Problem to work on =
In the entries below, find the line containing "MIL may come" and the line containing "床や周辺を汚さないよう養生し". Copy those two lines and everything between them exactly, without the pictures.

Records supplied =
⟨

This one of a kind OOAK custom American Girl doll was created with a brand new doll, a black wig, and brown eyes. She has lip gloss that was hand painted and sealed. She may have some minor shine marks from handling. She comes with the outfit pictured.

⟩
⟨

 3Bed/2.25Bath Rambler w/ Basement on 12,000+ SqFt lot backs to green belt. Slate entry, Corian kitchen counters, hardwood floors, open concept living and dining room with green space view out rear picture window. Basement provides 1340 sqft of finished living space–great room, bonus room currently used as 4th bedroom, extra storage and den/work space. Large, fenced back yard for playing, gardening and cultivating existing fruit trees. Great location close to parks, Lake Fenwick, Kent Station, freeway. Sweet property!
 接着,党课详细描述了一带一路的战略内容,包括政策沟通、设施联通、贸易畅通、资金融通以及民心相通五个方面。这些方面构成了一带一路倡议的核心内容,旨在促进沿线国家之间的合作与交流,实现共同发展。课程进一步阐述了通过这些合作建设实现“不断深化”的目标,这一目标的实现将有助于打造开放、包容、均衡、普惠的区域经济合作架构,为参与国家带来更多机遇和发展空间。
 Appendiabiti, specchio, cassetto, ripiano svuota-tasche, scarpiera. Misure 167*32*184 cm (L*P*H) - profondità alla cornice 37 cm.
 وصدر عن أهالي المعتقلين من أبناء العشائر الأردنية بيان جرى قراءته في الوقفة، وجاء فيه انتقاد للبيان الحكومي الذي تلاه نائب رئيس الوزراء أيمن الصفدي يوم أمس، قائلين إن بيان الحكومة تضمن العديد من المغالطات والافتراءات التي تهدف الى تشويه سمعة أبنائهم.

⟩
⟨

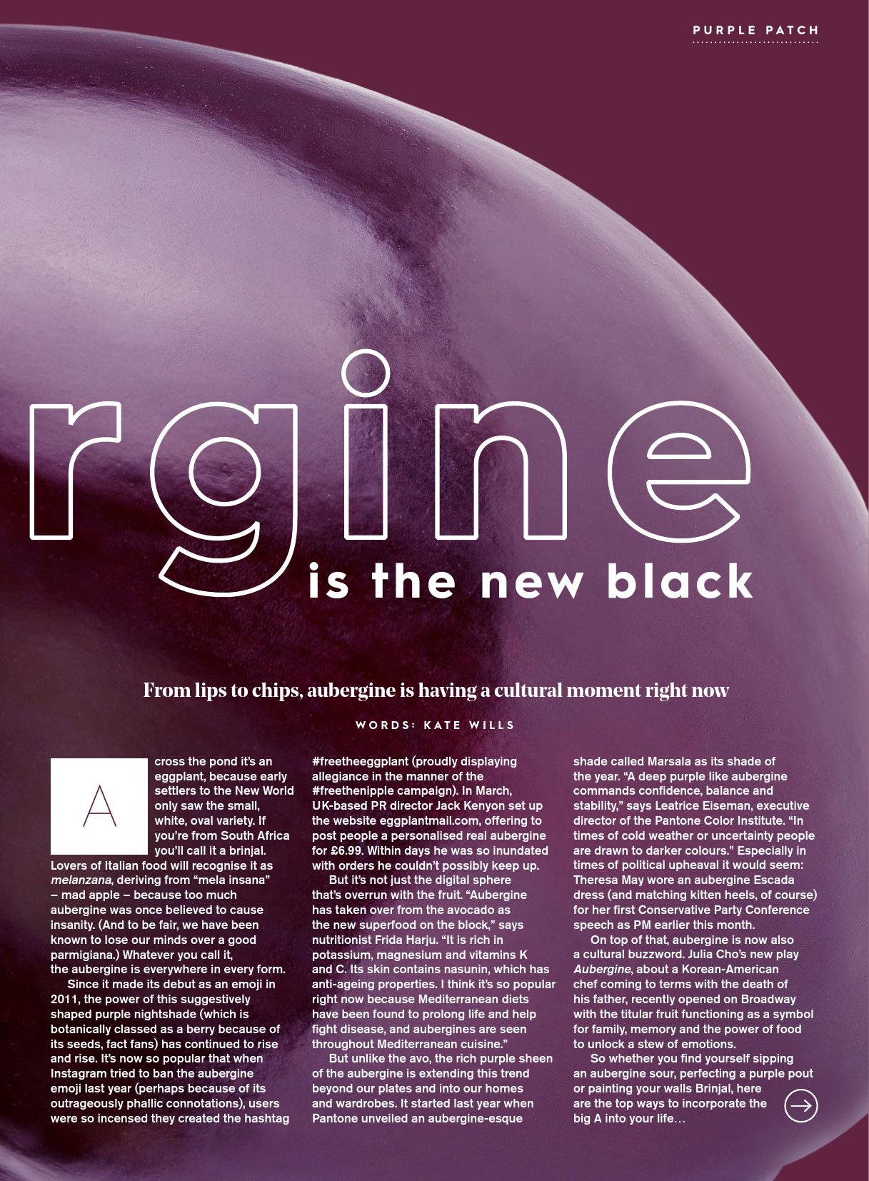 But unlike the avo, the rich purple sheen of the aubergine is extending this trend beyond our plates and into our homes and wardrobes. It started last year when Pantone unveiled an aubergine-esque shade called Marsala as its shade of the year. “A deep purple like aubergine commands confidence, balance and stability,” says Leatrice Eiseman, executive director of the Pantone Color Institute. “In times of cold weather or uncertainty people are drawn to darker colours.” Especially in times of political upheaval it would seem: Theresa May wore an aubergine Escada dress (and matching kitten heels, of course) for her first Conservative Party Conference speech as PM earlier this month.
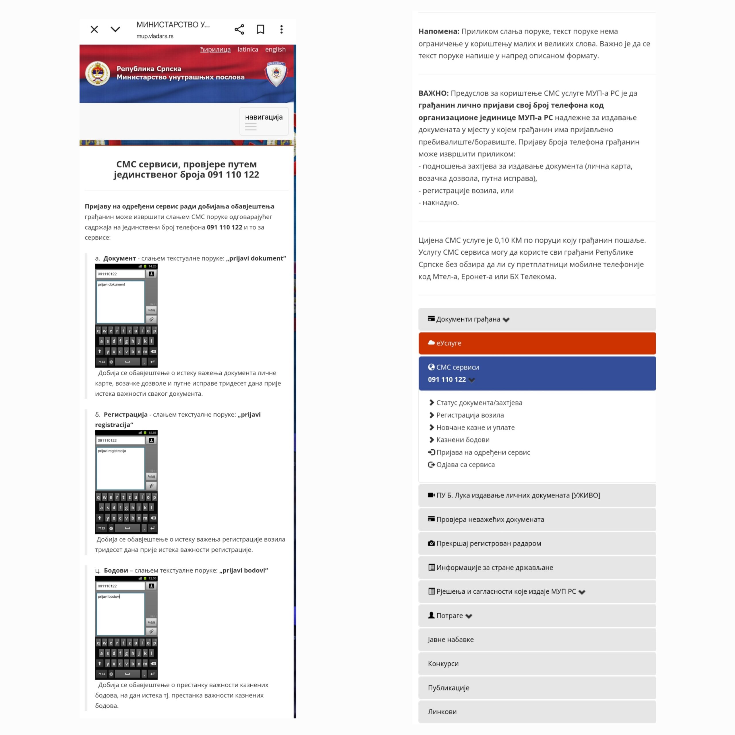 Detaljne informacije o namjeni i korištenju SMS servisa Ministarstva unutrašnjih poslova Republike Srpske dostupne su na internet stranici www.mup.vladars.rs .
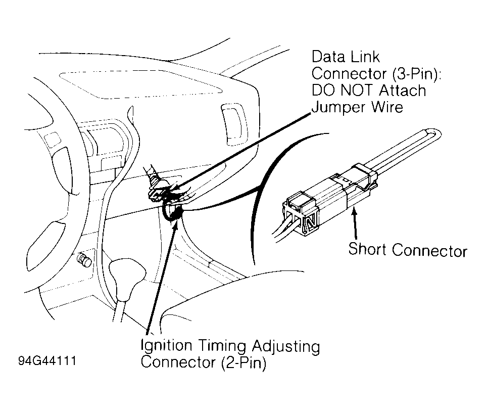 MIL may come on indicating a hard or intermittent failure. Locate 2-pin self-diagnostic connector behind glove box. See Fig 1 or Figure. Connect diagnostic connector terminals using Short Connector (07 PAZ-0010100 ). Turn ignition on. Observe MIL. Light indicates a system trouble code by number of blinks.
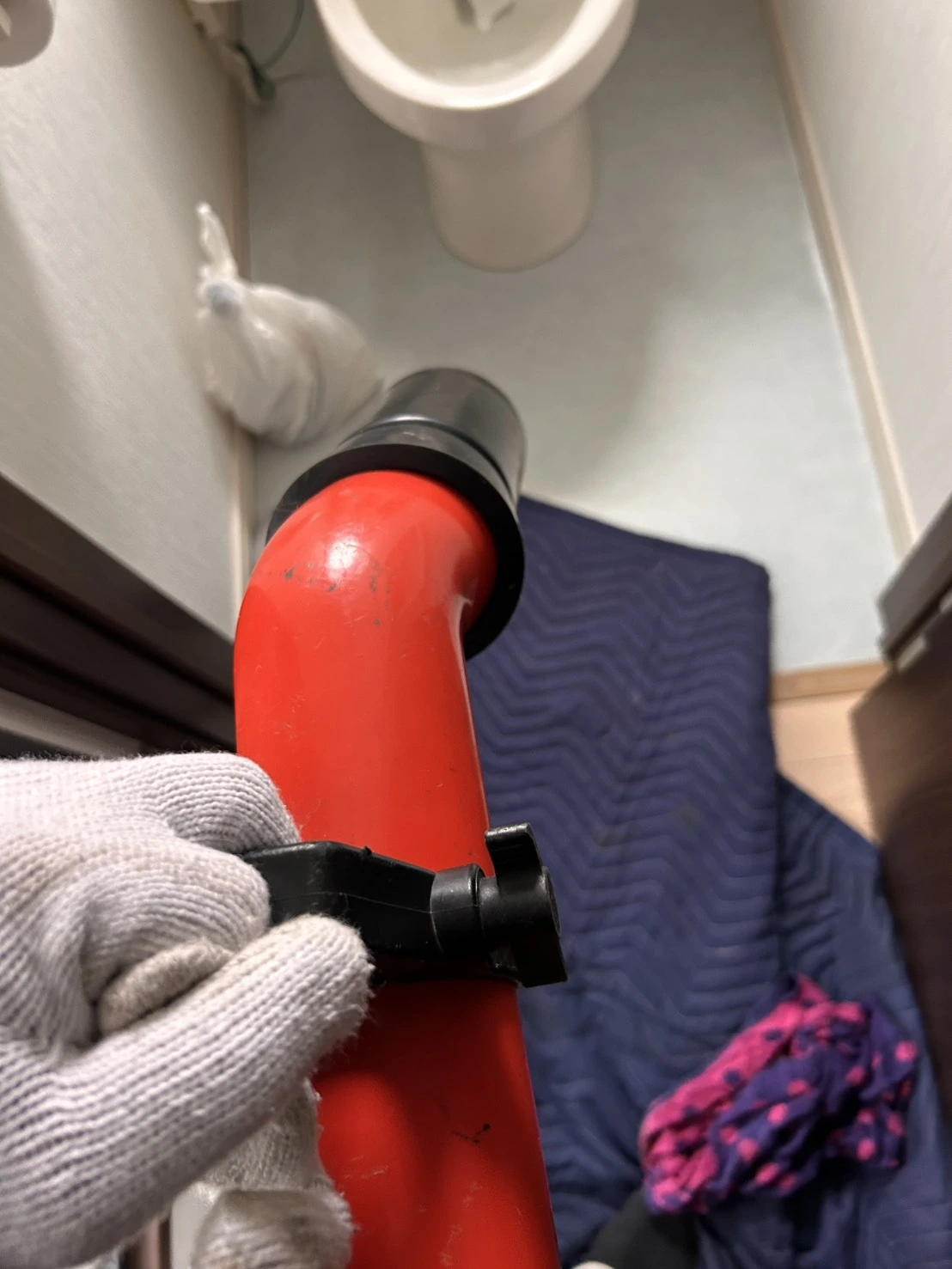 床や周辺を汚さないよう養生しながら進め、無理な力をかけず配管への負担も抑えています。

⟩

Output below =
 MIL may come on indicating a hard or intermittent failure. Locate 2-pin self-diagnostic connector behind glove box. See Fig 1 or Figure. Connect diagnostic connector terminals using Short Connector (07 PAZ-0010100 ). Turn ignition on. Observe MIL. Light indicates a system trouble code by number of blinks.
 床や周辺を汚さないよう養生しながら進め、無理な力をかけず配管への負担も抑えています。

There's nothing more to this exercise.